Strava Strikes Again: French Sailor's Morning Jog Accidentally Pinpointed a Nuclear Aircraft Carrier

Strava Strikes Again: French Sailor's Morning Jog Accidentally Pinpointed a Nuclear Aircraft Carrier

If you ever needed proof that operational security and fitness apps mix about as well as oil and water, allow a French sailor known only as "Arthur" to provide the definitive case study.

On 13 March 2026, Arthur strapped on his Garmin Forerunner 955, laced up his trainers, and went for a jog. Nothing unusual there, except his running track was the flight deck of the Charles de Gaulle, France's sole nuclear-powered aircraft carrier, which happened to be on a sensitive military deployment in the eastern Mediterranean at the time. And because his Strava profile was set to public (the app's default setting, in case you were wondering), anyone with an internet connection could see exactly where France's most prized naval asset was positioned.

Magnifique.

The Run That Launched a Thousand Headlines

The numbers are almost comically precise. Arthur ran 7.23 kilometres in approximately 35 minutes, maintaining a pace of 4:58 per kilometre. His route, a series of back-and-forth laps across the 262-metre flight deck, traced a pattern roughly 300 metres wide. It does not take a seasoned intelligence analyst to look at that GPS trace and think, "That looks an awful lot like someone jogging on a very large ship."

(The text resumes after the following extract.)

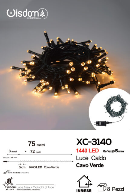 Catena luminosa 1440 LED luce calda da 75 metri con 8 giochi di luce ip44 per uso interno esterno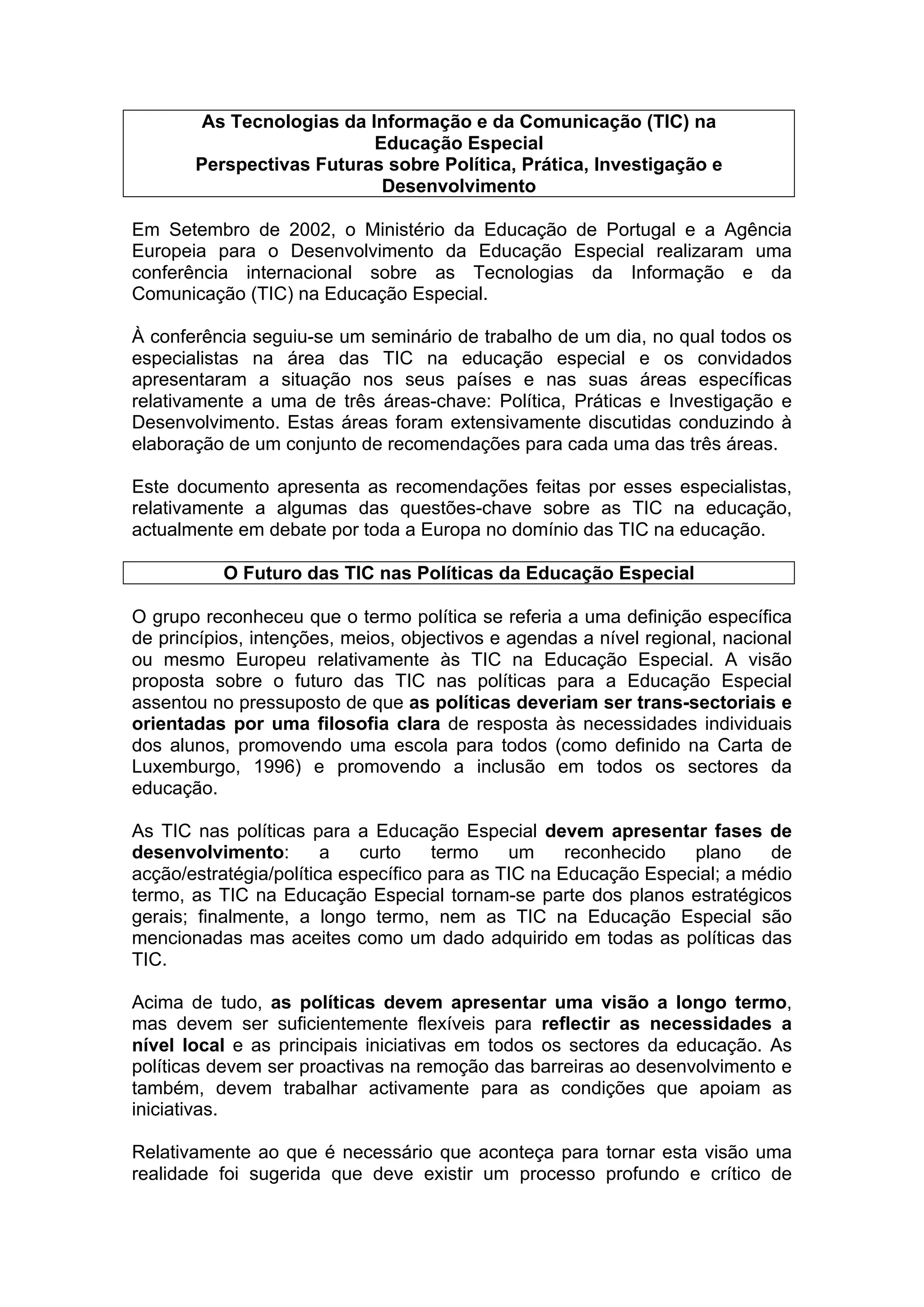 Este documento resume as recomendações de especialistas em Tecnologias da Informação e Comunicação (TIC) na Educação Especial sobre políticas, práticas, pesquisa e desenvolvimento. As recomendações incluem o desenvolvimento de políticas transversais e flexíveis, a criação de redes de colaboração, e o foco da pesquisa na aprendizagem inclusiva apoiada por tecnologia acessível.

Le Monde journalists Sebastien Bourdon and Antoine Schirer, who broke the story as part of their ongoing #StravaLeaks investigation series, did exactly that. They cross-referenced the Strava data with satellite imagery and confirmed the outline of the carrier. The ship was positioned northwest of Cyprus, approximately 100 kilometres from the Turkish coast. It is worth noting that while some outlets described the ship as being "near Iran," the reality is that it was in the eastern Mediterranean. It had been redeployed towards the Middle East in response to tensions with Iran, but it was not directly adjacent to Iranian waters.

Why This Matters More Than You Might Think

The Charles de Gaulle is not just any warship. It is France's only aircraft carrier and the only nuclear-powered carrier ever constructed outside of the United States. When President Macron ordered its strike group to redeploy on 3 March 2026, pulling it out of NATO exercises in the Baltic Sea that were originally scheduled to run until May, it was a significant strategic move. The carrier passed through the Strait of Gibraltar on 6 March, heading towards the eastern Mediterranean amid escalating tensions.

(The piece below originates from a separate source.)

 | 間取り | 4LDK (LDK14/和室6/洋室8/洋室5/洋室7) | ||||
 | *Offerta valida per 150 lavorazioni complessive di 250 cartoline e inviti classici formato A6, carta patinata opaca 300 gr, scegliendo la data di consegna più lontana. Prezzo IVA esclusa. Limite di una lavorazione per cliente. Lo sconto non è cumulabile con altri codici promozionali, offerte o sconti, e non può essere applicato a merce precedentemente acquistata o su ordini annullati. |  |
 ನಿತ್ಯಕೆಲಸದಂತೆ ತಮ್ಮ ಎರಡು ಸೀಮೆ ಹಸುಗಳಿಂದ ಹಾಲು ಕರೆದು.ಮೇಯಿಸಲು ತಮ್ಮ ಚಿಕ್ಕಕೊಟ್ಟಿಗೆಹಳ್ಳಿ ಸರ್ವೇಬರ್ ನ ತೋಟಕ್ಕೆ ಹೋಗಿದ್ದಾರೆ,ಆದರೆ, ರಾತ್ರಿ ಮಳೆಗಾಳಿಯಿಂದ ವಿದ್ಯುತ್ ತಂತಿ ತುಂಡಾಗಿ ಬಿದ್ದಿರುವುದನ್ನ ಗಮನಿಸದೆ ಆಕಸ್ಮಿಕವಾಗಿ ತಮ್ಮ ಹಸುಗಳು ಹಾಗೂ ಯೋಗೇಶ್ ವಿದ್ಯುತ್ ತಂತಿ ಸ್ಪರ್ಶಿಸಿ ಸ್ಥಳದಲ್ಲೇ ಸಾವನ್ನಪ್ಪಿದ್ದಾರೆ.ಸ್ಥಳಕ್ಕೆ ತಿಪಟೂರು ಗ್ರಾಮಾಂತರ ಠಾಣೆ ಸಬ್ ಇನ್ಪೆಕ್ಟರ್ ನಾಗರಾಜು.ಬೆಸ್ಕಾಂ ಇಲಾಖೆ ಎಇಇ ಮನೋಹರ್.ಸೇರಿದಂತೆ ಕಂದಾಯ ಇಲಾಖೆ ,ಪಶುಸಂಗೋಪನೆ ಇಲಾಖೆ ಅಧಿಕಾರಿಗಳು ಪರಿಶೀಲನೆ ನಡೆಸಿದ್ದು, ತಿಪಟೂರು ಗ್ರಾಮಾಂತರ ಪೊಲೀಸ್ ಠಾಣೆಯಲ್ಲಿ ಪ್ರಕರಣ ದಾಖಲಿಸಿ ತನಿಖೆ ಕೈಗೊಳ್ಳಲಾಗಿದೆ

For context, one French soldier had already been killed and six wounded in Iranian strikes on French bases in Iraq. This was not a pleasure cruise. The task force accompanying the Charles de Gaulle included at least three French frigates, a supply ship, and allied vessels from Italy (the Federico Martinengo), Spain (the Cristobal Colon), and the Netherlands (HNLMS Evertsen).

And then Arthur went for a jog and told the whole world where they all were.

A Pattern of Remarkably Preventable Blunders

Here is the truly baffling part: this is not even close to being the first time this has happened. In fact, it is the third major French military Strava leak in barely 18 months.

  • October 2024: Le Monde's same investigation team exposed how Strava data could be used to track the movements of security details protecting President Macron, President Biden, and even President Putin.
  • January 2025: Crew members aboard French nuclear submarines managed to leak patrol schedules and data through the very same app, as reported by Euronews.
  • March 2026: Arthur and the Charles de Gaulle. You are here.

You would have thought someone in the French military hierarchy might have taken note after the first incident. Or certainly the second. Apparently not.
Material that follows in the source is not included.